**The data:**

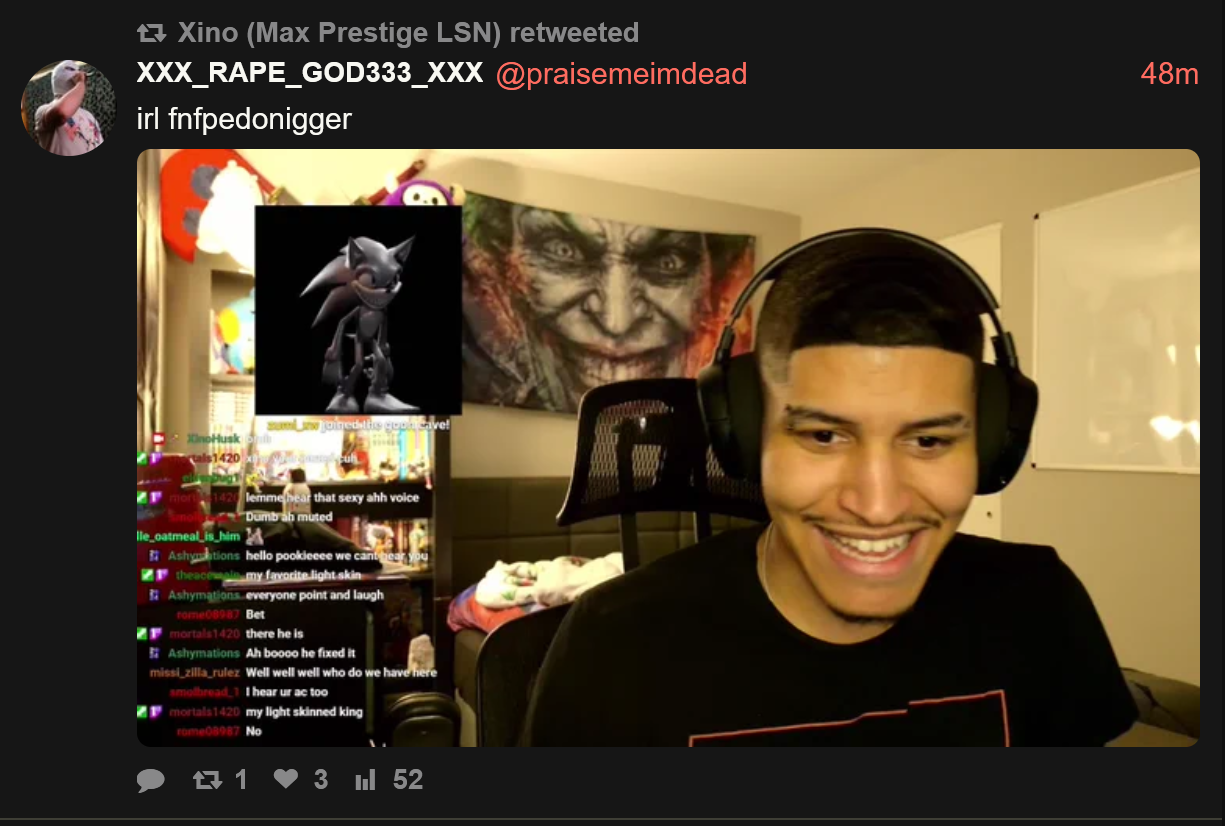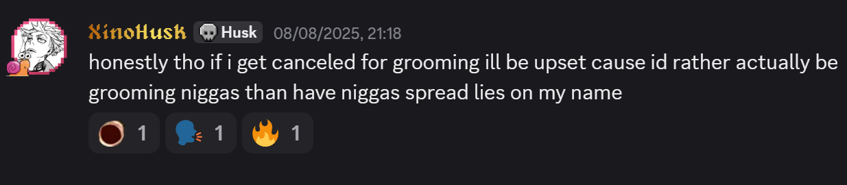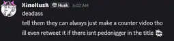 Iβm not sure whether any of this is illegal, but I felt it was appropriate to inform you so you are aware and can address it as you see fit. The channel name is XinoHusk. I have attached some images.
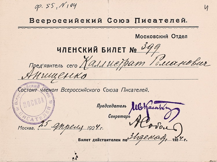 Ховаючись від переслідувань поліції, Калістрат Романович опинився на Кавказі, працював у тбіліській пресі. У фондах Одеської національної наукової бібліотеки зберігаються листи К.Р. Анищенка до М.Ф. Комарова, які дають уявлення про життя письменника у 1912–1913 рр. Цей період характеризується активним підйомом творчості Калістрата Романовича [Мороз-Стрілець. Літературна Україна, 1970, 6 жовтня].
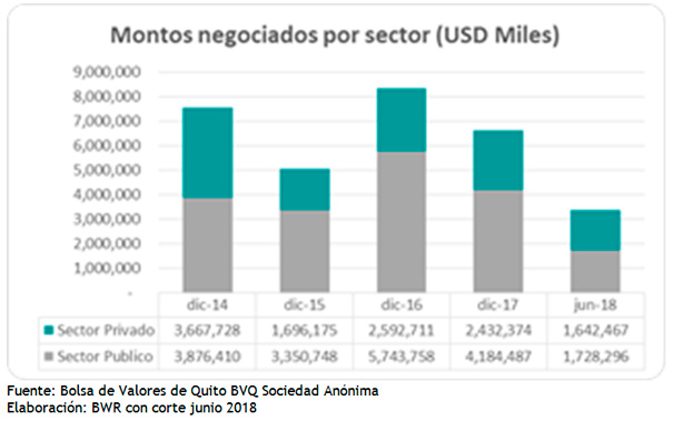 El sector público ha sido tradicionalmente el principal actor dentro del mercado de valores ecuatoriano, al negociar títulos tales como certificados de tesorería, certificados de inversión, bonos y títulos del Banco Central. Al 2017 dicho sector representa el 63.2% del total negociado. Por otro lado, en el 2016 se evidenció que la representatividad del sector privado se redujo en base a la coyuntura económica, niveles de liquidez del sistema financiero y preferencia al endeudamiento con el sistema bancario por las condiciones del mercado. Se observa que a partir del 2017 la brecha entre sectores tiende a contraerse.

**Exercise details:**
Each line of the data above should be reproduced without alteration, and no picture should appear in the copy.

**Answer box:**
 Iβm not sure whether any of this is illegal, but I felt it was appropriate to inform you so you are aware and can address it as you see fit. The channel name is XinoHusk. I have attached some images.
 Ховаючись від переслідувань поліції, Калістрат Романович опинився на Кавказі, працював у тбіліській пресі. У фондах Одеської національної наукової бібліотеки зберігаються листи К.Р. Анищенка до М.Ф. Комарова, які дають уявлення про життя письменника у 1912–1913 рр. Цей період характеризується активним підйомом творчості Калістрата Романовича [Мороз-Стрілець. Літературна Україна, 1970, 6 жовтня].
 El sector público ha sido tradicionalmente el principal actor dentro del mercado de valores ecuatoriano, al negociar títulos tales como certificados de tesorería, certificados de inversión, bonos y títulos del Banco Central. Al 2017 dicho sector representa el 63.2% del total negociado. Por otro lado, en el 2016 se evidenció que la representatividad del sector privado se redujo en base a la coyuntura económica, niveles de liquidez del sistema financiero y preferencia al endeudamiento con el sistema bancario por las condiciones del mercado. Se observa que a partir del 2017 la brecha entre sectores tiende a contraerse.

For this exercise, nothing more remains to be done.